After almost two years in the Department of Correction, Brewington was freed Sept. 5, just days before the Indiana Supreme Court heard oral arguments on whether to formally grant transfer in his case. Brewington had done his time for a Dearborn County jury’s conviction of intimidation, perjury and obstruction of justice stemming from blog posts he made criticizing a judge who stripped him of joint custody of his children.

apb_brewington01-15col.jpg Attorneys Eugene Volokh, left, and Michael Sutherlin prepare for a moot court argument Sept. 11, a day before presenting oral arguments in the Indiana Supreme Court on behalf of Daniel Brewington in Brewington v. State. (IL Photo/Aaron P. Bernstein)

“Tell any person on the street what happened to me,” Brewington said outside court chambers after oral arguments Sept. 12, “and the first thing they say is, ‘that’s a violation of free speech.’”

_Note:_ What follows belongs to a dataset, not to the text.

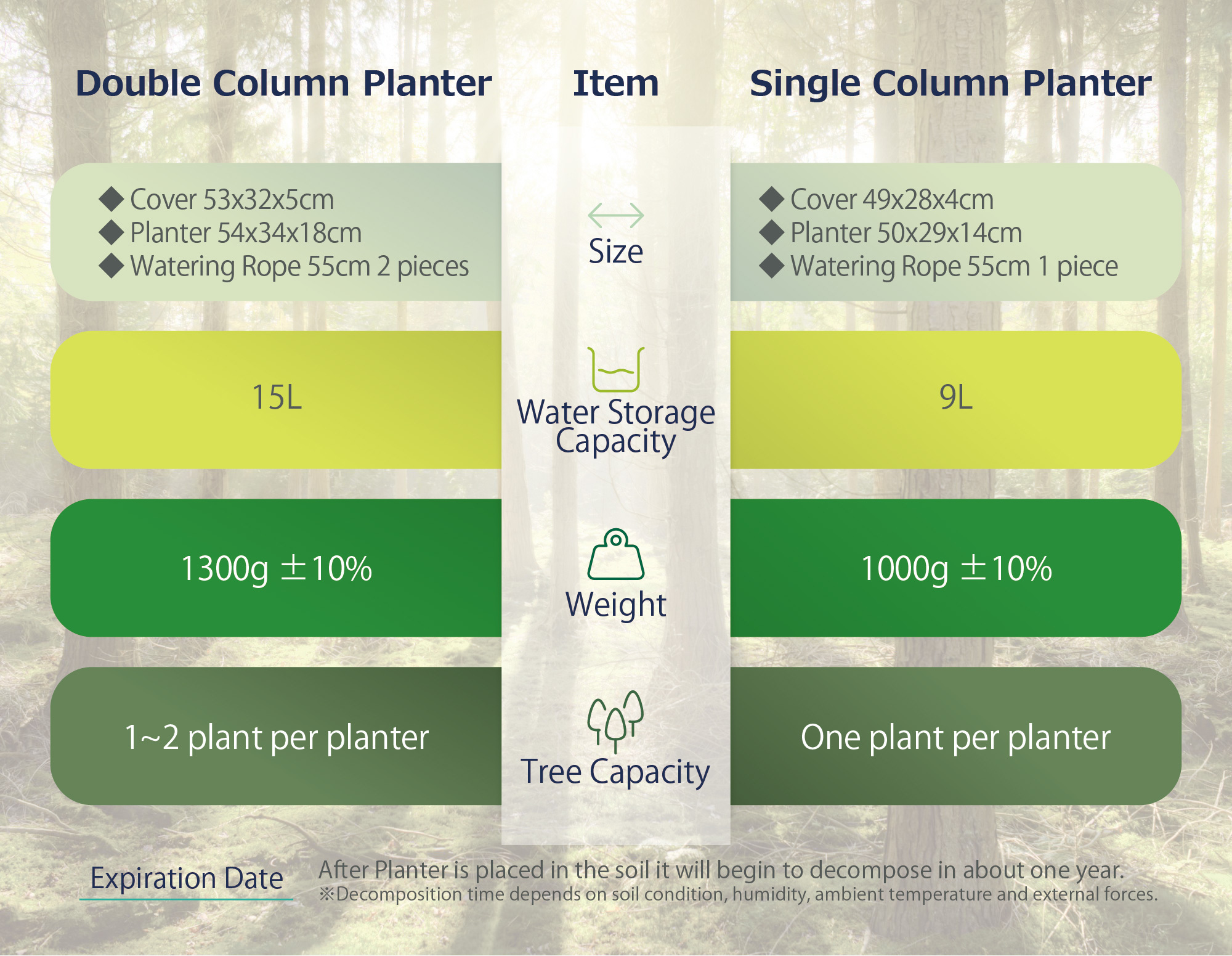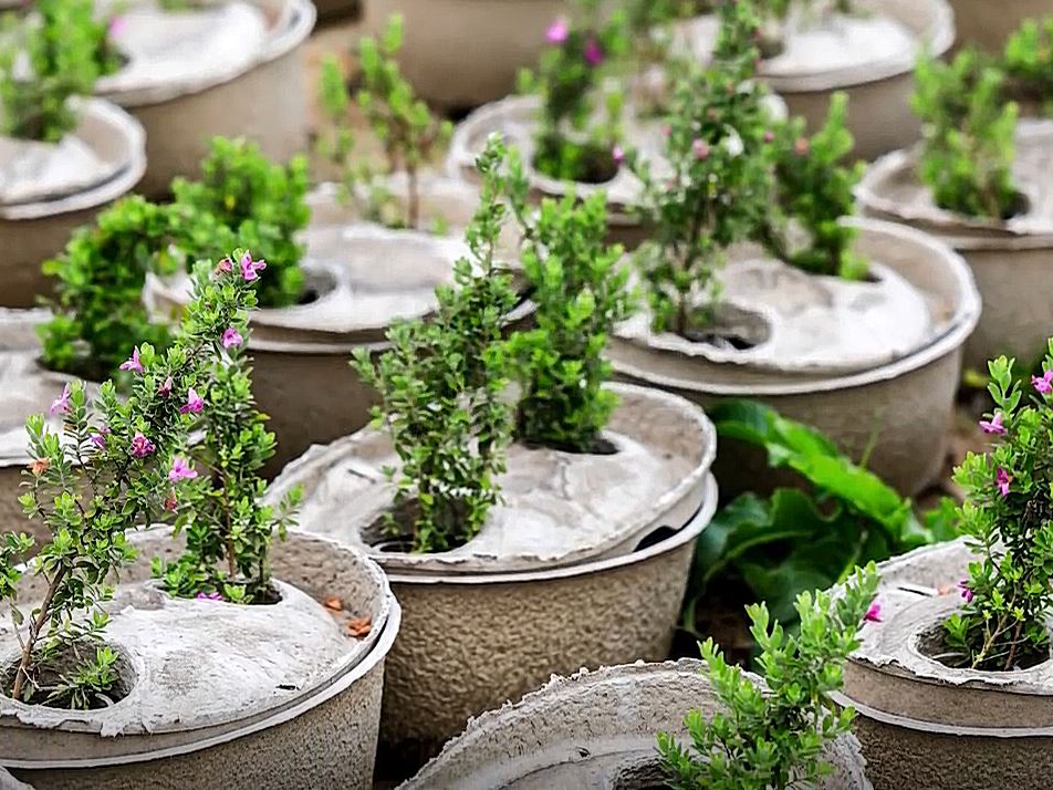 Incorporates natural, layered materials to increase the hardness and durability of the tree planter. The planter is wind-proof, sun-proof, and weed-proof, and increases water retention, which helps to improve the seedlings’ growth rate.

At the center of the case are posts on family court blogs in which Brewington took aim at Dearborn Circuit Judge James Humphrey, who presided in his custody case. The posts for which Brewington was prosecuted included comments that Humphrey was a child abuser for stripping Brewington of custody and that Humphrey was playing with fire and Brewington was “an accomplished pyromaniac.”

Inside the courtroom, Brewington’s case drew First Amendment scholar Eugene Volokh to argue on behalf of a dozen amici who feared that if the Brewington verdict affirmed by the Court of Appeals stands, it would represent a chilling effect on speech, opinions expressed in the media and political speech.

“I think the whole country wants this court to accept transfer,” Brewington’s attorney Michael Sutherlin told the court, noting a spectrum of amici in the court from the ACLU of Indiana to Phyllis Schlafly’s Eagle Forum, along with numerous media, speech and academic interests.

The state argued, though, that Brewington had failed to preserve the constitutional arguments, and that in its consideration of granting transfer, the justices should narrow the inquiry. At any rate, the state says Brewington made true threats against a judge and his conviction and sentence should stand.

“Not only is it invited error, he also has waived his claims,” Indiana Attorney General Chief Counsel Stephen Creason said of Brewington’s appeal raising constitutional issues.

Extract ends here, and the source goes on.